Extracted data ▸

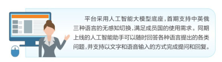 該平臺采用人工智能大模型底座,首期支持中英俄三種語言的無感知切換,滿足成員國的使用需求。同期上線的人工智能助手可以隨時回答各種語言提出的各類問題,并支持以文字和語音輸入的方式完成提問和回復。二期平臺更新后,將實現產業(yè)標簽、企業(yè)和產品的自動推薦功能,人工智能在用戶注冊后,可為用戶自動生成和匹配目標企業(yè)與目標產品,優(yōu)化用戶體驗。
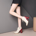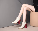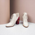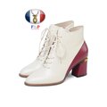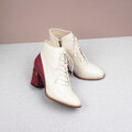 オーバルトゥハラコレザーコンビ二色レースアップショートブーツ筒丈11cm全2色
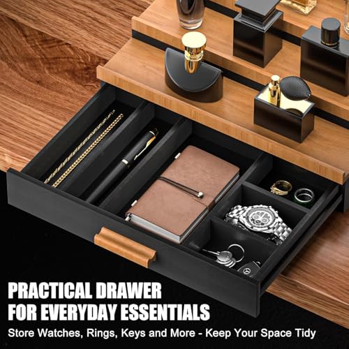 - 【Practical Drawer with Dividers】The organizer includes a practical, pull-out drawer with dividers, perfect for storing small accessories such as watches, rings, necklaces, car keys, and other valuables. This helps maximize storage space while keeping your dressing table tidy and clutter-free
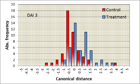 Die Verteilung der "Scores" (Punkte, Wert der Diskriminanzfunktion) auf die Klassifikationsklassen zeigt: nicht signifikant, der Stress ist nicht erkennbar, die Klassifikation ist mit 67% relativ hoch, kann sich aber um etwas anderes handeln als die Behandlung. Wir haben die Erfahrung gemacht, dass bei frühen Messungen im Verlauf der Versuchsaufbau oder juvenile Wachstumsprozesse möglicherweise das Ergebnis beeinflussen können und es zu einer Pseudoklassifikation kommt. |
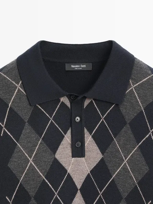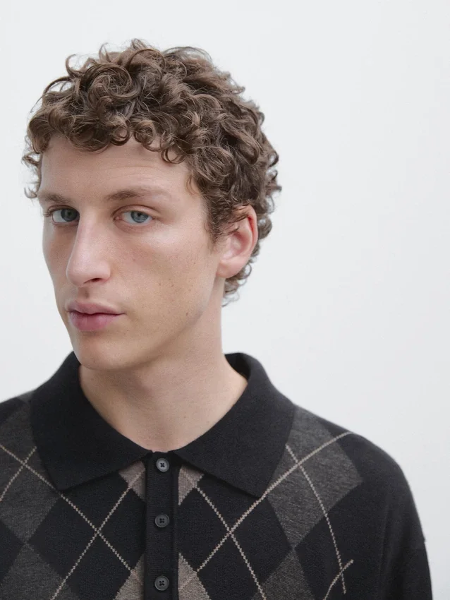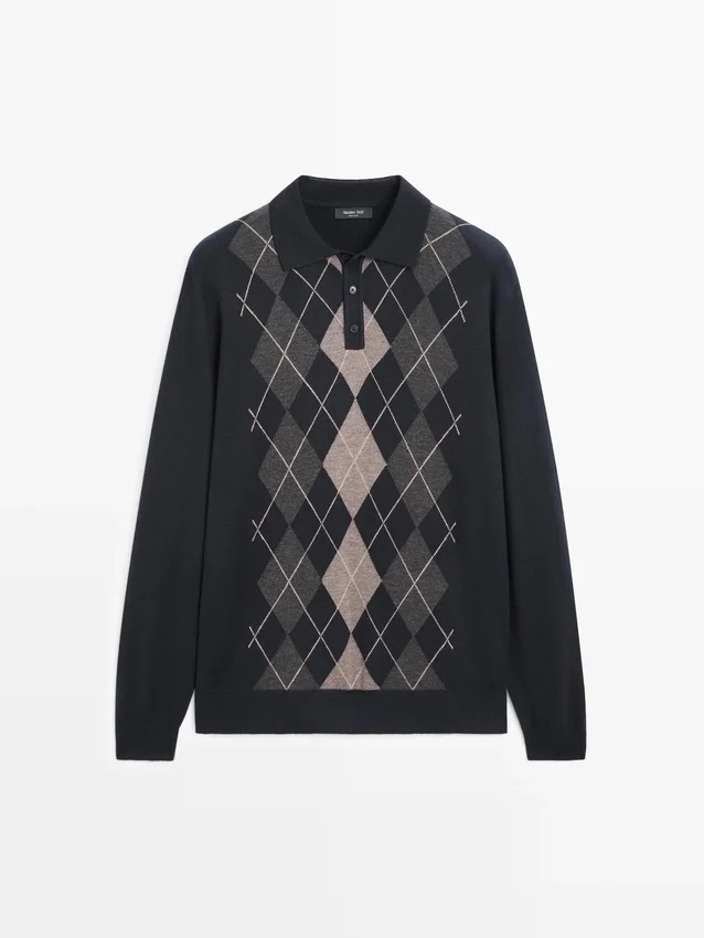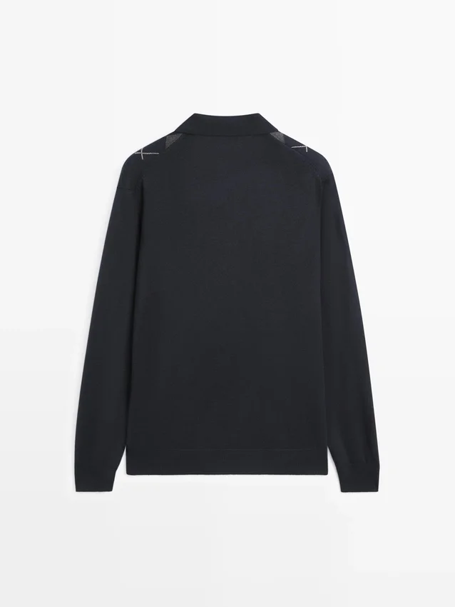 Wool Blend Knit Sweater. Long Sleeves. Detail of Ribbed Cuffs. Polo Collar with Button Fastening. Diamond Pattern Detail.
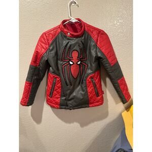 Product Details: The jacket is a faux leather motocross-style jacket, featuring a Spider-Man insignia, screen art, and quilted panels, designed for young fans of the Marvel superhero.

What is required ▸
Everything in the listing above must be retyped exactly, except for the pictures.

Answer ▸
 該平臺采用人工智能大模型底座,首期支持中英俄三種語言的無感知切換,滿足成員國的使用需求。同期上線的人工智能助手可以隨時回答各種語言提出的各類問題,并支持以文字和語音輸入的方式完成提問和回復。二期平臺更新后,將實現產業(yè)標簽、企業(yè)和產品的自動推薦功能,人工智能在用戶注冊后,可為用戶自動生成和匹配目標企業(yè)與目標產品,優(yōu)化用戶體驗。
 オーバルトゥハラコレザーコンビ二色レースアップショートブーツ筒丈11cm全2色
 - 【Practical Drawer with Dividers】The organizer includes a practical, pull-out drawer with dividers, perfect for storing small accessories such as watches, rings, necklaces, car keys, and other valuables. This helps maximize storage space while keeping your dressing table tidy and clutter-free
 Die Verteilung der "Scores" (Punkte, Wert der Diskriminanzfunktion) auf die Klassifikationsklassen zeigt: nicht signifikant, der Stress ist nicht erkennbar, die Klassifikation ist mit 67% relativ hoch, kann sich aber um etwas anderes handeln als die Behandlung. Wir haben die Erfahrung gemacht, dass bei frühen Messungen im Verlauf der Versuchsaufbau oder juvenile Wachstumsprozesse möglicherweise das Ergebnis beeinflussen können und es zu einer Pseudoklassifikation kommt. |
 Wool Blend Knit Sweater. Long Sleeves. Detail of Ribbed Cuffs. Polo Collar with Button Fastening. Diamond Pattern Detail.
 Product Details: The jacket is a faux leather motocross-style jacket, featuring a Spider-Man insignia, screen art, and quilted panels, designed for young fans of the Marvel superhero.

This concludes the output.